Stored items
▼

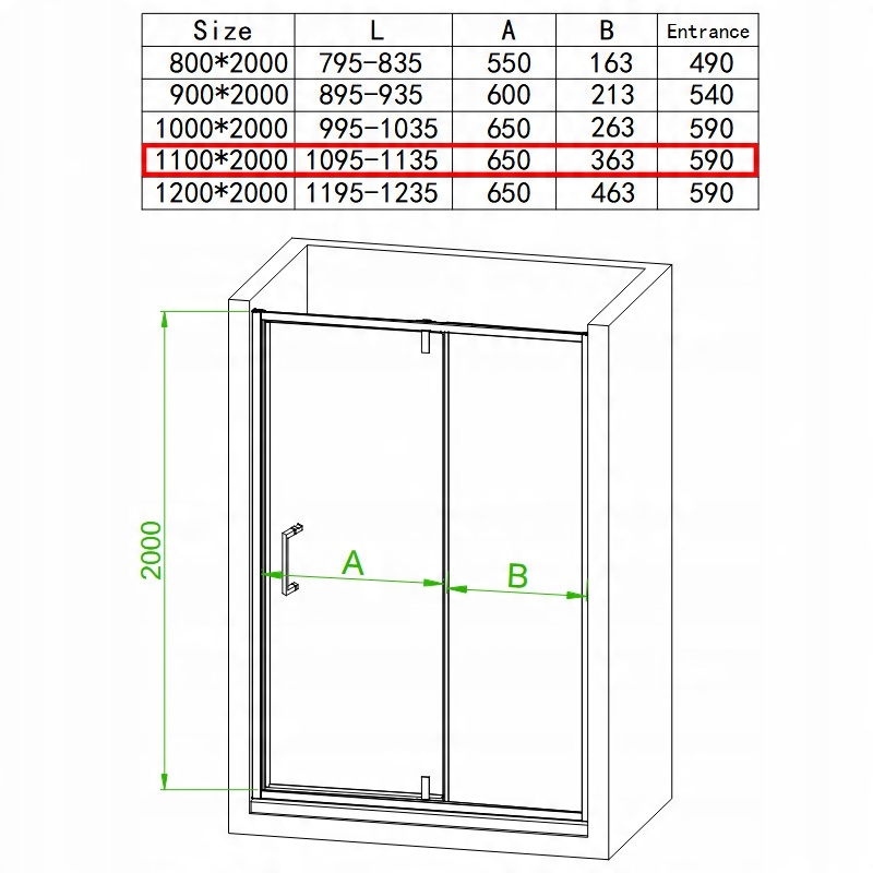 SH08D ДУШЕВАЯ ДВЕРЬ ЧЕРНАЯ 110 СМ 6 ММ
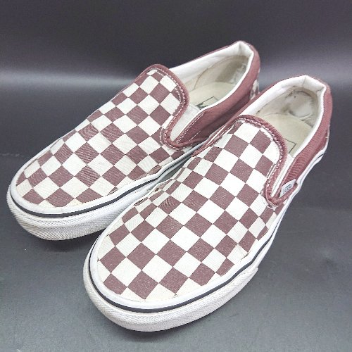 ◇ Θ VANS ヴァンズ ブロックチェック スリッポン オールド スクール サイズ22.5 ブラウン系 レディース E
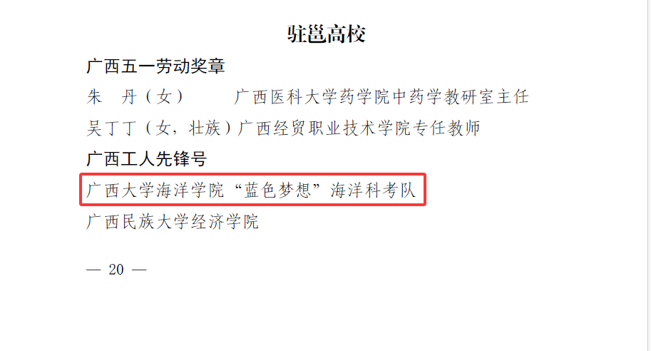 近日,广西壮族自治区总工会发文《广西壮族自治区总工会关于表彰2024年广西五一劳动奖和广西工人先锋号的决定》,决定授予我院“蓝色梦想”海洋科考队广西工人先锋号荣誉称号。
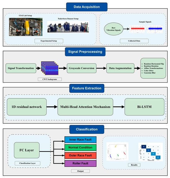 This study builds upon these advancements by proposing a novel hybrid deep learning approach for bearing fault diagnosis. The proposed model integrates CWT with a deep learning framework combining MHSA, BiLSTM, and 1D conv ResNet. This integration enhances feature extraction, suppresses noise, and improves the model’s ability to learn temporal dependencies from nonstationary and nonlinear vibrational signals. Unlike conventional CNNs, the inclusion of MHSA allows the model to focus on critical signal regions, while BiLSTM captures long-term dependencies essential for accurate fault identification. The effectiveness of the proposed model is evaluated using both a controlled laboratory bearing dataset and the publicly available Paderborn bearing dataset to assess its generalizability across different fault conditions. The model achieves superior classification performance, demonstrating high precision, recall, and robustness in distinguishing fault types. The results confirm the model’s suitability for real-time predictive maintenance, offering an efficient and reliable solution for intelligent fault detection in industrial applications. The key innovations and contributions of this study are as follows:
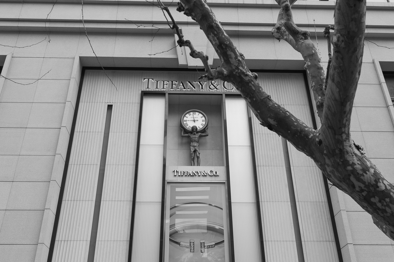 It was really strange I was walking back from The Bund in Shanghai and I just looked up and saw this big clock outside Tiffany and Co and under the big clock was a statue of a man holding the clock on his shoulders. I suddenly found myself thinking and photographing the clock first I was close then I started walking backwards from the image so it became smaller. I had just a 35mm prime lens on the camera and my legs were my zoom.
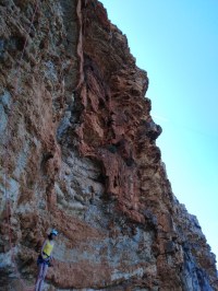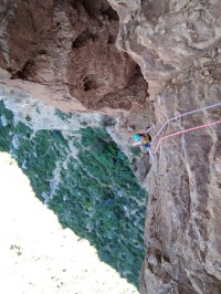 On attend les filles qui descendent avec nos cordes, avec un peu d’inquiétude car un peu d’attente. Finalement c’est bon, tout le monde est là, on récupère nos cordes médiocrement lovées par ces dernières en ont rigolant et on part à pied, décrochés, encore à moitié dans le vide (je me méfie à chaque fois que je tombe c’est sur les marches d’approches) jusqu’au point de départ : le connu « Ouvreur de Bouse » qui nous permettra de commencer pour s’échapper sur une autre voie peu connue car équipée récemment : « au milieu de nulle part » ! Ça sent l’aventure.

▲

__What to do__. Output the entries above exactly. Do not include the pictures.

__Result for this task__.
 SH08D ДУШЕВАЯ ДВЕРЬ ЧЕРНАЯ 110 СМ 6 ММ
 ◇ Θ VANS ヴァンズ ブロックチェック スリッポン オールド スクール サイズ22.5 ブラウン系 レディース E
 近日,广西壮族自治区总工会发文《广西壮族自治区总工会关于表彰2024年广西五一劳动奖和广西工人先锋号的决定》,决定授予我院“蓝色梦想”海洋科考队广西工人先锋号荣誉称号。
 This study builds upon these advancements by proposing a novel hybrid deep learning approach for bearing fault diagnosis. The proposed model integrates CWT with a deep learning framework combining MHSA, BiLSTM, and 1D conv ResNet. This integration enhances feature extraction, suppresses noise, and improves the model’s ability to learn temporal dependencies from nonstationary and nonlinear vibrational signals. Unlike conventional CNNs, the inclusion of MHSA allows the model to focus on critical signal regions, while BiLSTM captures long-term dependencies essential for accurate fault identification. The effectiveness of the proposed model is evaluated using both a controlled laboratory bearing dataset and the publicly available Paderborn bearing dataset to assess its generalizability across different fault conditions. The model achieves superior classification performance, demonstrating high precision, recall, and robustness in distinguishing fault types. The results confirm the model’s suitability for real-time predictive maintenance, offering an efficient and reliable solution for intelligent fault detection in industrial applications. The key innovations and contributions of this study are as follows:
 It was really strange I was walking back from The Bund in Shanghai and I just looked up and saw this big clock outside Tiffany and Co and under the big clock was a statue of a man holding the clock on his shoulders. I suddenly found myself thinking and photographing the clock first I was close then I started walking backwards from the image so it became smaller. I had just a 35mm prime lens on the camera and my legs were my zoom.
 On attend les filles qui descendent avec nos cordes, avec un peu d’inquiétude car un peu d’attente. Finalement c’est bon, tout le monde est là, on récupère nos cordes médiocrement lovées par ces dernières en ont rigolant et on part à pied, décrochés, encore à moitié dans le vide (je me méfie à chaque fois que je tombe c’est sur les marches d’approches) jusqu’au point de départ : le connu « Ouvreur de Bouse » qui nous permettra de commencer pour s’échapper sur une autre voie peu connue car équipée récemment : « au milieu de nulle part » ! Ça sent l’aventure.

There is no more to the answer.